EXERCISE INSTRUCTIONS: Reprint all of the data below exactly as shown and skip every image.

DATA EXCERPT:
------------------------------------------------------------------------
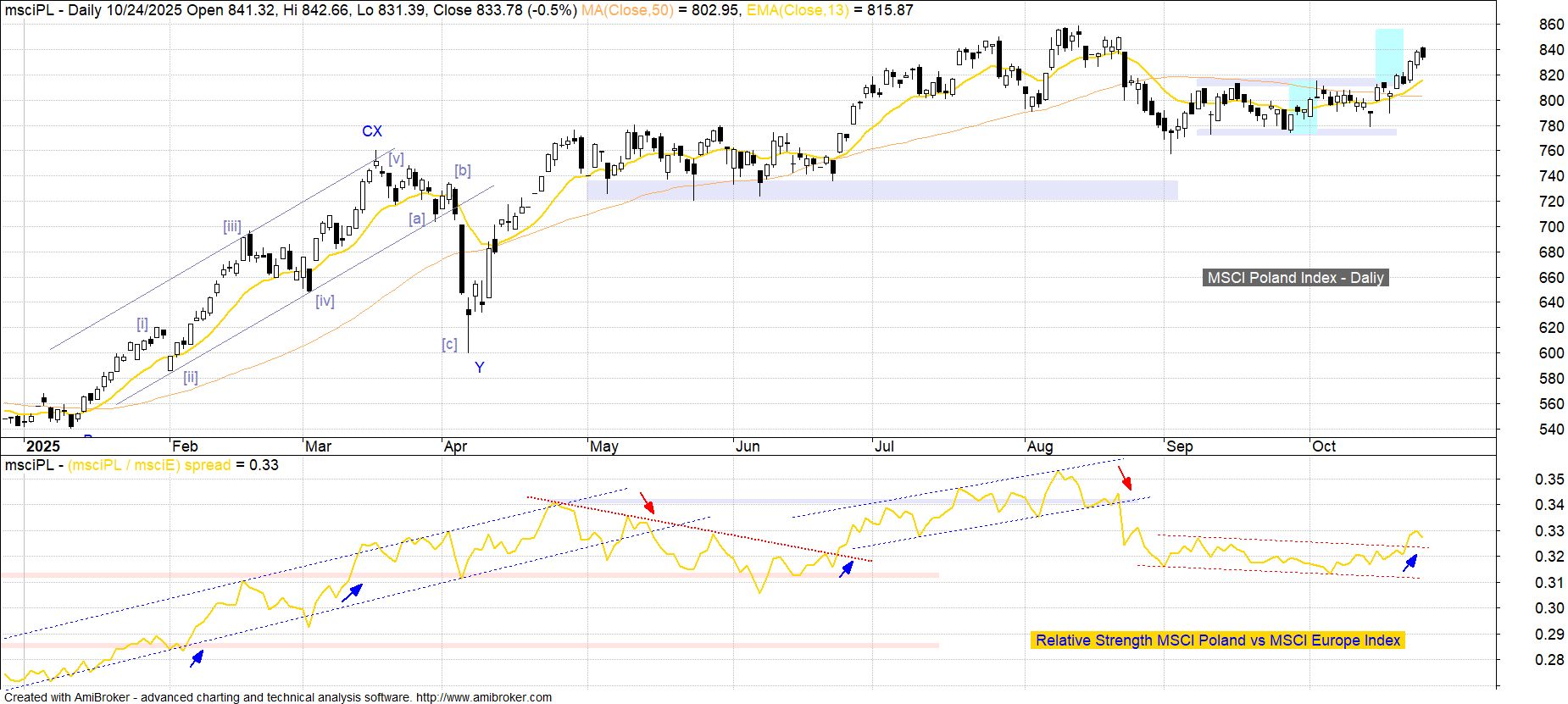 Kluczowy z punktu widzenia inwestorów zagranicznych indeks MSCI Poland przed tygodniem podjął długo odwlekającą się próbę ruchu ponad wynoszące 814 pkt górne ograniczenie konsolidacji, pod znakiem której upłynęło poprzednie półtora miesiąca. Udane wybicie wiąże się z krótkoterminowym potencjałem wzrostowym odpowiadającym szerokości konsolidacji (855 pkt), co w dłuższej perspektywie jeszcze nie zwiększa szans na przekroczenie tegorocznego szczytu 859 pkt z połowy sierpnia. W obszarze siły relatywnej zwraca uwagę ubiegłotygodniowe wyjście górą wskaźnika Relative Strength MSCI Poland vs MSCI Europe Index z opadającego kanału trendowego budowanego od początku września, co zmniejsza niepewność co do pełnej realizacji potencjału wzrostowego związanego z wybiciem.
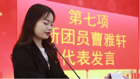入团介绍人代表胡家怡宣读了团章中有关团员的义务和权利的条款,让新发展团员对自己的责任与义务有了更清晰的认识;老团员代表校团委组织部段明丽发言,在发言中,段明丽同学分享了自己身为团员的一些体会,对于如何成为一名优秀团员做出解答;新团员代表曹雅轩阐述了自己对于团员身份与使命的理解,对自己立下成为优秀团员的目标。
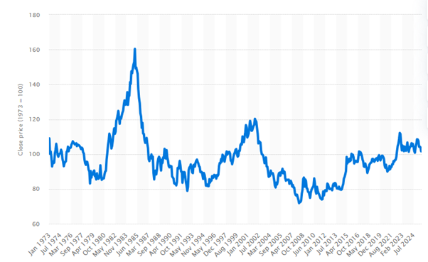 Even so, the underlying decline in US industrial power has weakened the dollar over decades – indeed this is what Trump sees as needing to be reversed. He wants to ‘Make America Great Again’ by restoring its industrial hegemony; and his weapons are tariff hikes and bombastic blustering threats.
------------------------------------------------------------------------
TASK OUTPUT:
 Kluczowy z punktu widzenia inwestorów zagranicznych indeks MSCI Poland przed tygodniem podjął długo odwlekającą się próbę ruchu ponad wynoszące 814 pkt górne ograniczenie konsolidacji, pod znakiem której upłynęło poprzednie półtora miesiąca. Udane wybicie wiąże się z krótkoterminowym potencjałem wzrostowym odpowiadającym szerokości konsolidacji (855 pkt), co w dłuższej perspektywie jeszcze nie zwiększa szans na przekroczenie tegorocznego szczytu 859 pkt z połowy sierpnia. W obszarze siły relatywnej zwraca uwagę ubiegłotygodniowe wyjście górą wskaźnika Relative Strength MSCI Poland vs MSCI Europe Index z opadającego kanału trendowego budowanego od początku września, co zmniejsza niepewność co do pełnej realizacji potencjału wzrostowego związanego z wybiciem.
入团介绍人代表胡家怡宣读了团章中有关团员的义务和权利的条款,让新发展团员对自己的责任与义务有了更清晰的认识;老团员代表校团委组织部段明丽发言,在发言中,段明丽同学分享了自己身为团员的一些体会,对于如何成为一名优秀团员做出解答;新团员代表曹雅轩阐述了自己对于团员身份与使命的理解,对自己立下成为优秀团员的目标。
 Even so, the underlying decline in US industrial power has weakened the dollar over decades – indeed this is what Trump sees as needing to be reversed. He wants to ‘Make America Great Again’ by restoring its industrial hegemony; and his weapons are tariff hikes and bombastic blustering threats.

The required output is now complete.